Myers also faces questions about her past. She has endured some criticism over a tax credit she may have been ineligible for and over her role in a lawsuit about the alleged misuse of sensitive information by the Janesville School Board.

The race between the two Democrats is close, and despite the fact that a variety of polls and metrics rate the 1st District as pretty safely Republican, the national conversation about a possible midterm “blue wave” has extended to southeast Wisconsin.

The predicted blue wave is also relevant to the gubernatorial race in the Badger State, where incumbent Governor Scott Walker is up for re-election in November.

Walker was first elected in 2010, won a 2012 recall election against Milwaukee Mayor Tom Barrett, and was re-elected in 2014. Walker earned both national ire and commendation for his controversial Act 10 legislation that passed in June 2011. The bill affected public-sector employees’ collective bargaining, health insurance and retirement benefits. It drew large protests in and around the Wisconsin State Capitol in Madison after its proposal.

To call the field of Democratic candidates vying to face Walker crowded is an understatement.

There are eight Democrats in the running, and Wisconsin’s electorate seems to be somewhat ambivalent. A recent Marquette Law School poll had Wisconsin Schools Superintendent Tony Evers as the frontrunner, with support from 31 percent of those surveyed, a comfortable margin over the other candidates. But 38 percent said they were undecided.
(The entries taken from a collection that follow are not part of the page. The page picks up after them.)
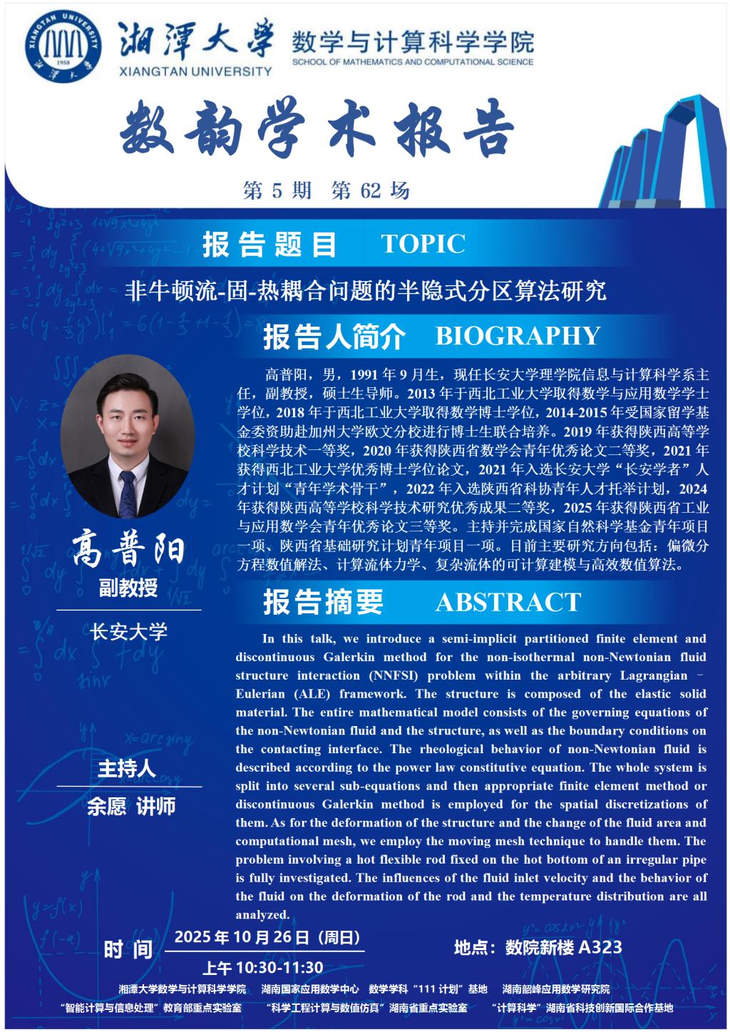 数韵学术报告-非牛顿流-固-热耦合问题的半隐式分区算法研究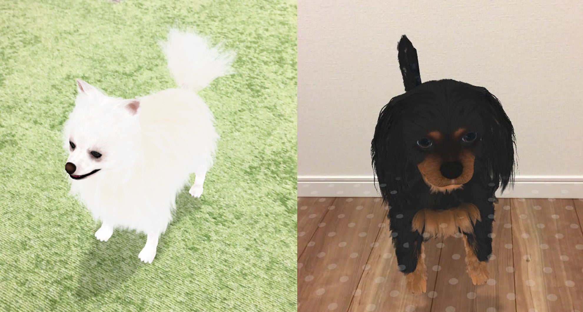 飼い主の方から提供いただいた写真を基に2種類の犬(ポメラニアン・キャバリア)を作成しました。また、この3Dモデルを前述のARアプリに登場させ、簡単な動作を行うことができます。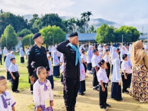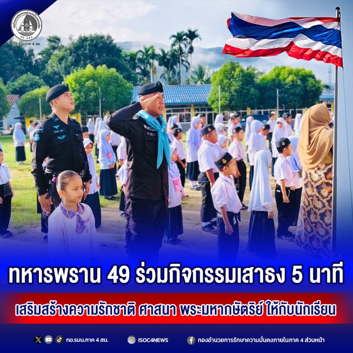 วันที่ 3 พฤศจิกายน 2568 เวลา 08.00 น. พันเอก ณัฏฐพล สุนทรนนท์ ผู้บังคับหน่วยเฉพาะกิจกรมทหารพรานที่ 49 มอบหมายให้ กองร้อยทหารพรานที่ 4912 นำโดย จ่าสิบเอก สุนัย ไพบูลย์ หัวหน้าส่วนการเมืองชุดปฏิบัติการกิจการพลเรือนที่ 4912 พร้อมด้วย กำลังพลชุดปฏิบัติการกิจการพลเรือน ร่วมทำกิจกรรมเสาธง 5 นาที นำนักเรียนร้องเพลงชาติ เชิญธงชาติขึ้นสู่ยอดเสา เพื่อปลุกจิตสำนึกให้เด็ก เยาวชน รู้คุณชาติ ศาสนา พระมหากษัตริย์ ปฏิบัติตนอยู่ในกรอบของกฎหมาย ยึดหลัก “ความสงบ และรู้ รัก สามัคคี” ตลอดจนปกป้องชาติ ศาสนา พระมหากษัตริย์ ให้สามสถาบันหลักของชาติเป็นศูนย์รวมจิตใจของปวงชนในชาติ และสามารถดำรงอยู่คู่กับประชาธิปไตยอย่างมั่นคงต่อไป พร้อมปลูกฝังอุดมการณ์ความรักชาติ และสร้างความรู้เรื่องโทษของยาเสพติด ทั้งนี้เพื่อเสริมสร้างความสัมพันธ์ที่ดีระหว่างเจ้าหน้าที่รัฐกับสถานศึกษา ณ โรงเรียนบ้านดาฮง หมู่ที่ 4 ตำบลเชิงคีรี อําเภอศรีสาคร จังหวัดนราธิวาส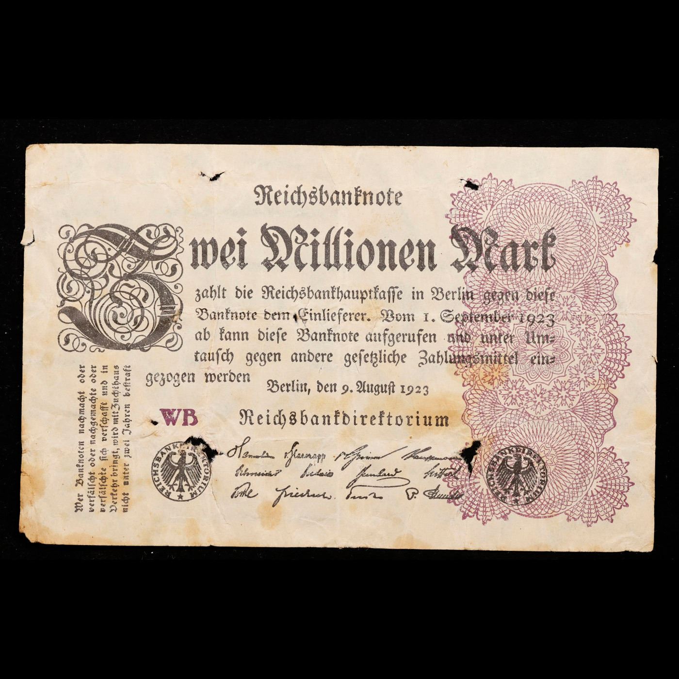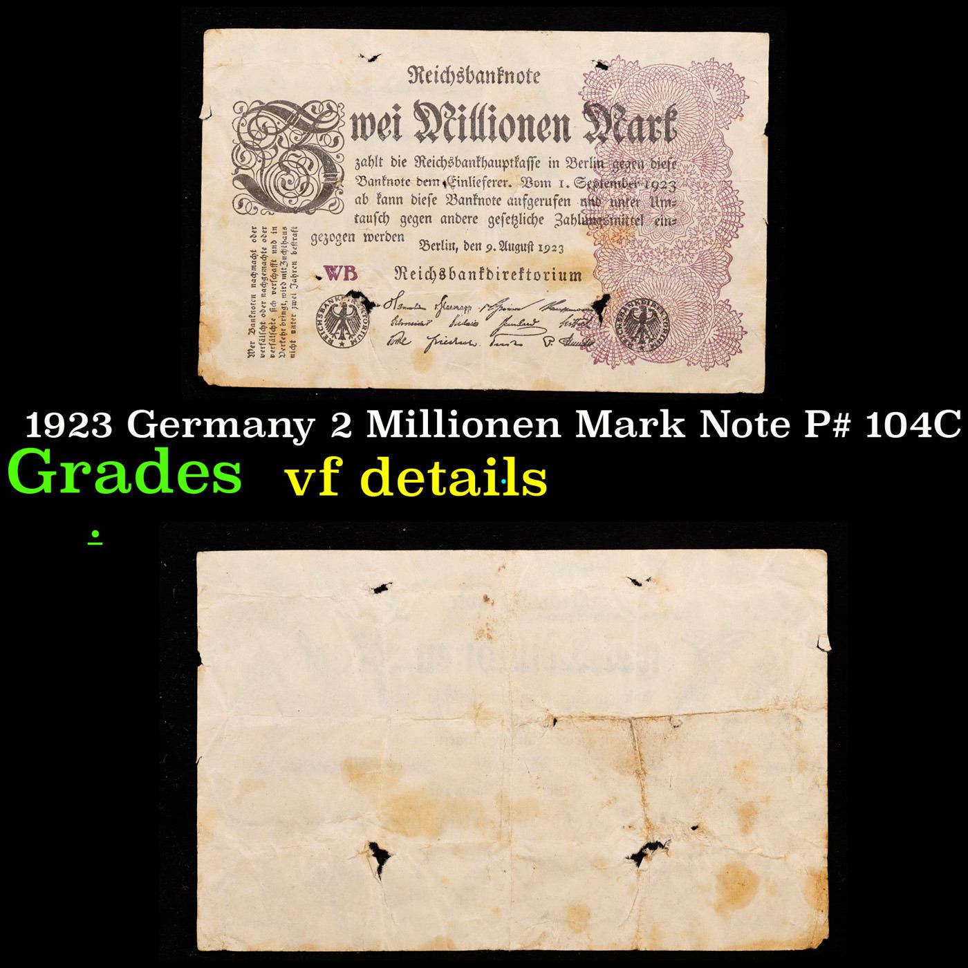 1923 Germany 2 Millionen Mark Note P# 104C Grades vf details.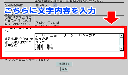 注文画面の一番下の連絡事項記入欄に例のように文字内容を入力してください。

Among the seven others in the field are former state lawmaker Kelda Roys, watchdog activist Mike McCabe, longtime Madison Mayor Paul Soglin and Mahlon Mitchell, president of the Professional Fire Fighters of Wisconsin and the only black candidate.

Also running is Matt Flynn, former chairman of the state Democratic Party, who has taken heat for work he did as a lawyer representing the Milwaukee Archdiocese during an abuse scandal.
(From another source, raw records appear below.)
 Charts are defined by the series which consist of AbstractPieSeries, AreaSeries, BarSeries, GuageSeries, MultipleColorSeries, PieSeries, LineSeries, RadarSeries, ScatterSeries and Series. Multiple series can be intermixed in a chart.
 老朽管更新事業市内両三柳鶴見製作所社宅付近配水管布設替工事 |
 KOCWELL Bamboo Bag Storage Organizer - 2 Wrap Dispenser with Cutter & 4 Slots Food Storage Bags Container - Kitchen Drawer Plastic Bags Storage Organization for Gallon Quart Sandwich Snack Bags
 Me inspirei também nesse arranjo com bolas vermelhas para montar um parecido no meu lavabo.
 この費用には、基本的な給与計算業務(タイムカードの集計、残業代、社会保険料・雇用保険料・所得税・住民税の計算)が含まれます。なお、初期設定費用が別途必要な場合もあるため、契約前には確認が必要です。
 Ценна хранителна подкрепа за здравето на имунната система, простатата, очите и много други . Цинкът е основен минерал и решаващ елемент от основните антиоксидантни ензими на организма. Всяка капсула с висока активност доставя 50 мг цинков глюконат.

Recent polls show that the November race for governor is going to be tight. In mock general election matchups, a June poll from Marquette had Walker winning by 4 percentage points, while NBC News and Emerson College polls from July showed Evers on top.

The issues that seem to be inspiring the fiercest campaign debates are dollars spent on education and which schools see that support, as well as infrastructure concerns like broadband access in rural areas.
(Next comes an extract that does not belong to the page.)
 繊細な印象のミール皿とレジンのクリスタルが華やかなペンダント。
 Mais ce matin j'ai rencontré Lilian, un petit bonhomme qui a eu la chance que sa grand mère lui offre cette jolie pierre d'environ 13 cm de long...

Wisconsin’s prison population has also been a top talking point lately, with a host of Democratic hopefuls expressing varying levels of support and gusto for cutting the state’s prison population in half. Walker said this would require the release of 5,000 violent offenders, a claim that PolitiFact found to be half true.

Wherever votes land on the political spectrum, they would likely agree the governor’s race is a crucial one. The winner will oversee Wisconsin’s redistricting process as part of the 2020 Census.

In June, the U.S. Supreme Court remanded a 2015 case accusing state lawmakers of giving Republicans an unfair advantage by carving out gerrymandered voting districts that limited the impact of Democratic votes.

Also on Tuesday’s primary ballot is a Republican race between former U.S. Marine Kevin Nicholson and state lawmaker Leah Vukmir, with the winner advancing to challenge Democratic U.S. Senator Tammy Baldwin in November.